Backstage glimpses with Boston Lyric Opera

BLO's Biggest Fans

Apr 14, 2013 11:20:00 PM
By BLO Staff

Boston Lyric Opera, like most arts organizations, has a devoted Board, loyal Subscribers, and a sturdy group of volunteers. We couldn’t do what we do without them! We reached out to some of our “biggest fans” to learn why they choose to support BLO and how they came to love opera.
Hugh (Subscriber, Volunteer)
Yuen (PRIMA Member)
Sasha (PRIMA Member, Volunteer)
Jane (Board Member, Subscriber, Volunteer)
HOW DID YOU BECOME INVOLVED WITH BOSTON LYRIC OPERA?
Hugh: A friend of mine used to work in the development office and I started volunteering to help her out and I just continued after that. Working as a volunteer has made me appreciate all the work that goes into the productions. I am now a subscriber as well. 
Yuen: While attending Graduate School [in the mid-90’s] I managed to see one BLO production a year. I then moved away for work and came back to the area in 2008, and have since seen 10 BLO productions. I'm also a fan of the BLO/Landmarks Orchestra concert on the Esplanade-- it serves as my “opera fix" during the summer when BLO is dark!
Sasha: In 2009, the Met was planning a new production of Carmen that I wanted to attend. While researching the Met cast, I noticed that Mercedes was to be played by Boston’s Sandra Piques Eddy, who in turn was [soon] to play Idamante in Mozart’s Idomeneo at BLO. That led me to the BLO website, which revealed that the opening production of their upcoming season was also Carmen! In August of 2009 I signed up to become a BLO volunteer and, as the saying goes, "the rest is history.”
Jane: We attended a few BLO productions in the 1980s and began subscribing in the early 1990s. Upon retiring in 2005 I began working as a volunteer, and last January I joined the [Board of] Overseers. Currently I retain all of those hats!
HOW DID YOU COME TO APPRECIATE OPERA?
Hugh: Growing up, classical music was always part of my life.  I remember as a child helping my family prep for elaborate after-concert parties. I studied piano and flute as a child as well. Now music is such an important part of my life that I often use the #musicislife on twitter. (Follow Hugh the “truth seeker and music lover” on Twitter @hughinboston

Yuen: I have always enjoyed classical music, but I caught the “opera bug” when I was 19 during my junior year abroad in London.
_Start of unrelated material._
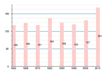 | 1962 | 1968 | 1975 | 1982 | 1990 | 1999 | 2006 | 2008 | 2011 | 2012 | 2013 |

My father encouraged me to see opera [while I was there], so I went to Covent Garden, sat in the cheap "Upper Slip" seats and I was hooked!
Sasha: I grew up in Russia, in St. Petersburg (or Leningrad as it was then called). None of my parents or grandparents are musicians, but they instilled in me an appreciation and respect for opera, ballet and classical music. I absorbed popular operatic excerpts by watching concerts on TV and taking theory classes in music school, so I grew up with a certain level of respect for the art form. But it wasn’t until I started attending the Met Opera “Live in HD” series in 2007 (prompted by my opera-loving grandfather), that I really started to get interested in the opera plots, characters and singers. In addition to having subtitles, I liked the interviews and behind-the-scenes shots, which helped to de-mystify the art form. (Sasha Tweets about opera and classical concerts in Boston and NYC. She is also a co-organizer of @BostonClassical and @BostonOpera MeetUps. Follow Sasha on Twitter @sasherka)
Jane: When I was in college a friend, who was studying opera, made a highlights tape for me as a thank-you gift for a favor. I knew that he would question me about it and nag me until I listened to it so I did, grumbling all the way to the tape recorder. He had chosen his selections well, however, because they had instant appeal for me. Even more appealing was the story line of each opera-- I had to know more! I have never stopped seeking.
WHAT ADVICE OR ENCOURAGEMENT WOULD YOU GIVE 
TO SOMEONE WHO HAS NEVER ATTENDED AN OPERA?
Hugh: Just try one out!  And keep an open mind. 
Yuen: Don't go to an opera when you’ve had a long day at work, or have to get up at 6am the next day, or have a big project/presentation due.  And don't expect your very first opera to blow you away.  It may take 2 or 3 tries.
Sasha: Go online and do some research. Decide if you want a comedic opera or a tragic one. A fan of Shakespeare? Look up an adaptation. Maybe you heard an operatic-sounding song in a movie? Why not look up the original source? YouTube is a great resource! Once you decide on a performance to attend, do your homework: read about the composer, production notes, maybe even a synopsis (though sometimes it’s better not to be spoiled ahead of time). The more I learn, the more I realize there is a life’s worth of operas to discover. Enjoy the ride!
Jane: Opera is an art form worth getting involved with for a multitude of reasons, one of which is the window into human emotions it inevitably opens. Some people respond to art through their intellect-- [they try to] understand what the artist intended by learning about the historical context of the time of the work's creation. Others just plunge right in and follow where their senses lead them. Figure out what sort of art consumer you are and try that approach to opera. If it doesn't work try another approach. If you are fortunate you will find yourself responding on both these levels and your life will be immeasurably enhanced.
Click here for information on how to become a BLO subscriber.
Click here for information on PRIMA, BLO’s young professionals group.
Click here for information on how to join BLO as a volunteer.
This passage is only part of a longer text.